Animals used in infectious disease research may experience significant pain and/or distress as part of the disease process. Seeking earlier, more humane endpoints can result in significant reductions in the potential pain and distress experienced by these animals. However, the use of earlier endpoints give rise to a valid scientific concern--An earlier endpoint should accurately predict the outcome of the experiment. The earlier endpoints should be based on scientifically valid values of variables, not just honest judgments based on an appreciation of the distress and pain the animal may be experiencing. For example, animals becoming sick in an infection challenge/antibiotic efficacy trial might be euthanized for humane reasons when in fact they could have survived the challenge, proving that a (new) antibiotic was an effective treatment. One earlier endpoint that has been validated for several infectious agents involves the use of decreased body temperatures as a predictor of impending death, which is discussed further below.

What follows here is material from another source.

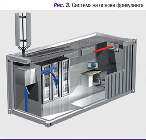Наряду с dx-решениями для поддержания микроклимата в помещениях базовых станций сегодня начинают внедряться системы, использующие для охлаждения телекоммуникационного оборудования наружный воздух (фрикулинг, рис. 3).

Biochemical changes that occur in response to infection are being investigated for their potential to serve as earlier, more humane endpoints in infectious disease studies. Research during the past decade has revealed a great deal about how the body responds to infection. Infectious organisms invading the body stimulate the immune system into rapid action, initiating (up-regulating) a complex array or cascade of activities that include biochemical, endocrinologic, physiologic, behavioral, and pathologic changes. This activation of immune system-mediated defense mechanisms is called the acute phase response. An overview of the acute phase response is presented in Figure 1. Such work is now providing clues to measurements that can be used to set earlier, more humane endpoints, before the animal's welfare is seriously compromised by the infectious or inflammatory process being studied.

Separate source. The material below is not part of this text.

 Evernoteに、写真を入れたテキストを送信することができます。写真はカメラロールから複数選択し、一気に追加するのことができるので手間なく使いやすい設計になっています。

Many of the biochemical and endocrinologic changes that occur early in the process of the response to infection have been measured. Increases in serum levels of cytokines and acute phase proteins (APPs1) occur early, before severe behavioral and physiologic changes. These biochemical changes can serve as indicators of the presence of infectious disease and as predictors of both the severity and the outcome of infectious disease. This approach has been used for other reasons in human medicine and veterinary medicine, and it appears to have application in selecting earlier, more humane endpoints in infectious disease animal models. We propose that measuring some of the species-typical major APPs can provide objective scientific information on the course of the disease (and possible outcome) on which an earlier endpoint can be based. We discuss below the use of physiologic responses to APPs and cytokines (e.g., body temperature and weight changes) as earlier, more humane end-points, how monitoring the acute inflammatory response can be used to better assess disease severity, and how values of various variables of the response can be used to define earlier, more humane endpoints.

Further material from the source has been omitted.